Pine Rocklands

Southeast Florida is home to one of the crown jewels of biological diversity in the state. Although pine forests in a general sense exist throughout Florida, and were historically its most common ecosystem-type, most of these forests are in the form of high pineland, pine flatwoods, and human-made pine plantations. The pine rocklands, however, are unique to Miami-Dade, Monroe, and Collier Counties. Besides their extraordinary diversity of species, a feature that sets southeast Florida pine rocklands apart is the substrate upon which they grow, eking a living on elevated ridges of exposed limestone bedrock with sparse soils. In Miami-Dade County, an essentially continuous pine rockland forest historically occurred on the coastal Miami Rock Ridge, a limestone rock outcropping that extends south and west from North Miami Beach to Long Pine Key in Everglades National Park.

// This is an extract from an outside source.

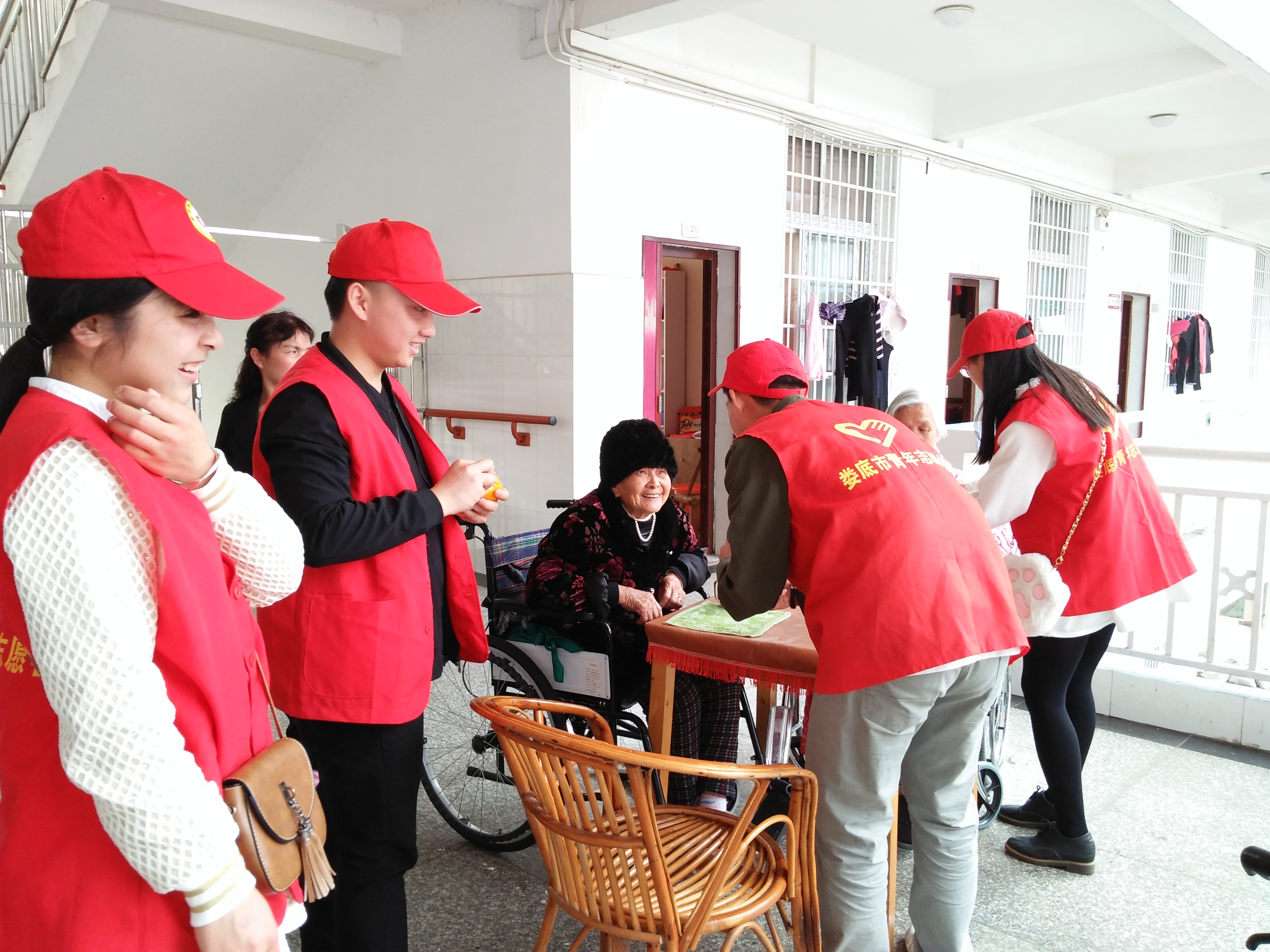 该院20余名志愿者们在路上为老人们精心挑选了一些水果,来到娄底福星福利院给老人剥水果、按摩捶背,帮助老人们打扫房间;和老人们谈心、嘘寒问暖,为老人们创造了一个舒适的生活环境,欢声笑语,气氛十分融洽。活动持续了三个多小时,当志愿者们准备离开时,老人们非常感谢他们的照顾,感受到了社会对他们的关怀和温暖。
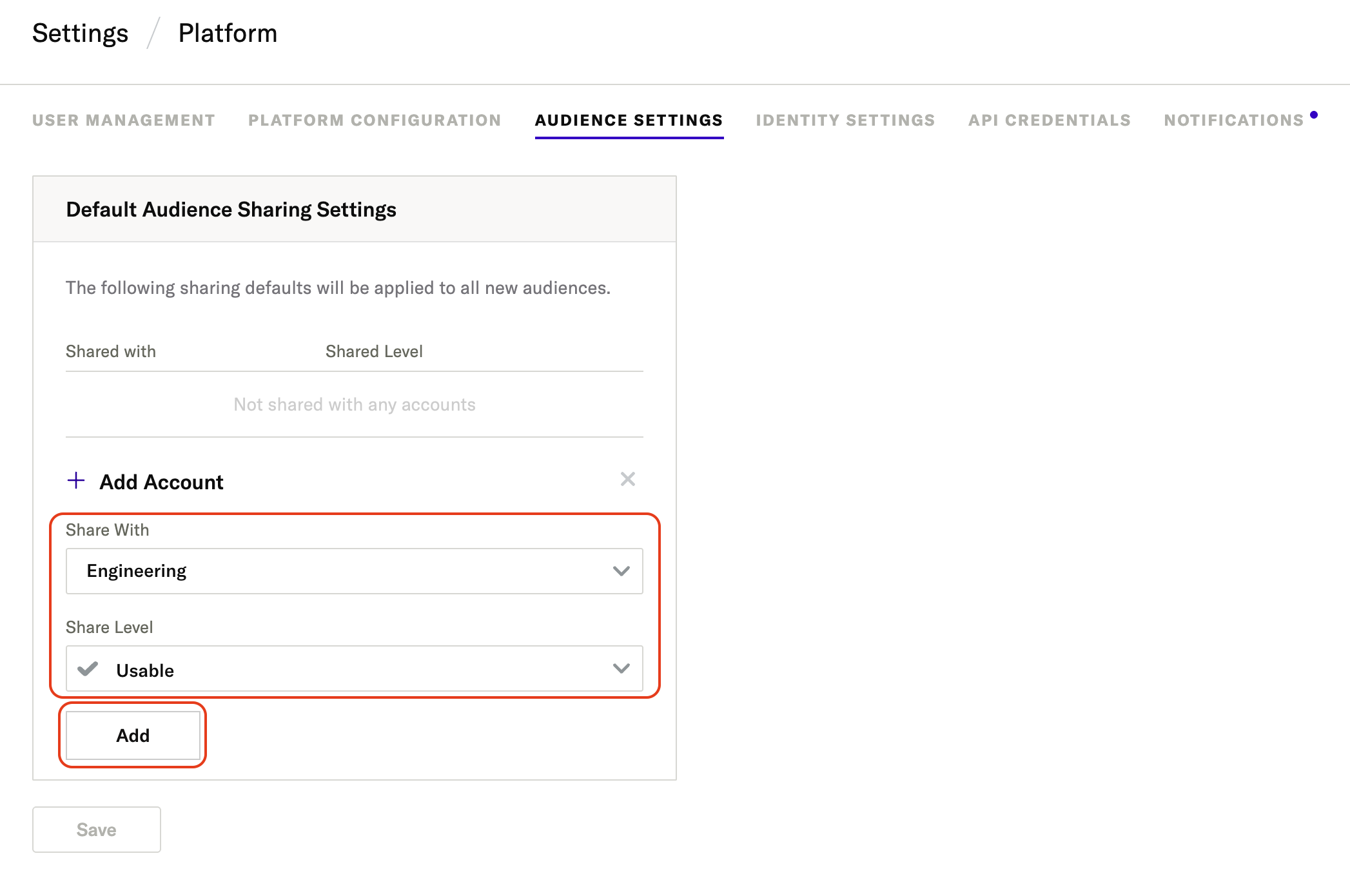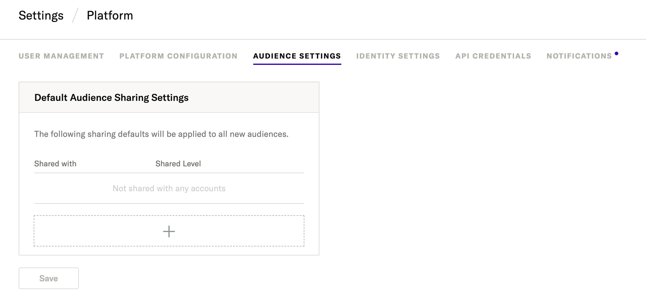 Your default audience sharing settings allow you to automatically share new audiences with specific accounts.

For over two millennia prior to Miami’s development boom, pine rocklands were inhabited by the Indigenous Tequesta tribe, living side by side with a resplendent array of native flora and fauna. Benefiting from both tropical and temperate influences, the flora consists of over 400 species, many of them endemic to the state, meaning they are found here and nowhere else in the world. Even more of these species are on the state and federal threatened and endangered species lists, a clear indicator of the now imperiled state of this globally unique, irreplaceable, and essential ecosystem.

More like an open savanna than a typical forest, a healthy pine rockland has a relatively sparse canopy composed almost exclusively of South Florida slash pines (Pinus elliottii var. densa) that tower above a rich understory of saw palmettos, silver palms, beauty berries, locust berries, broom grasses, coontie, and many more shrubs, grasses, and wildflowers. A rich diversity of small herbaceous plants such as the ant-pollinated deltoid spurge, the purple flowered milk pea, and the tiny yellow-green small’s milkwort are found nowhere else in the world. True appreciation of a pine rockland thus requires a perspective that looks beyond the trees, zooming in on and recognizing the value of the small and inconspicuous.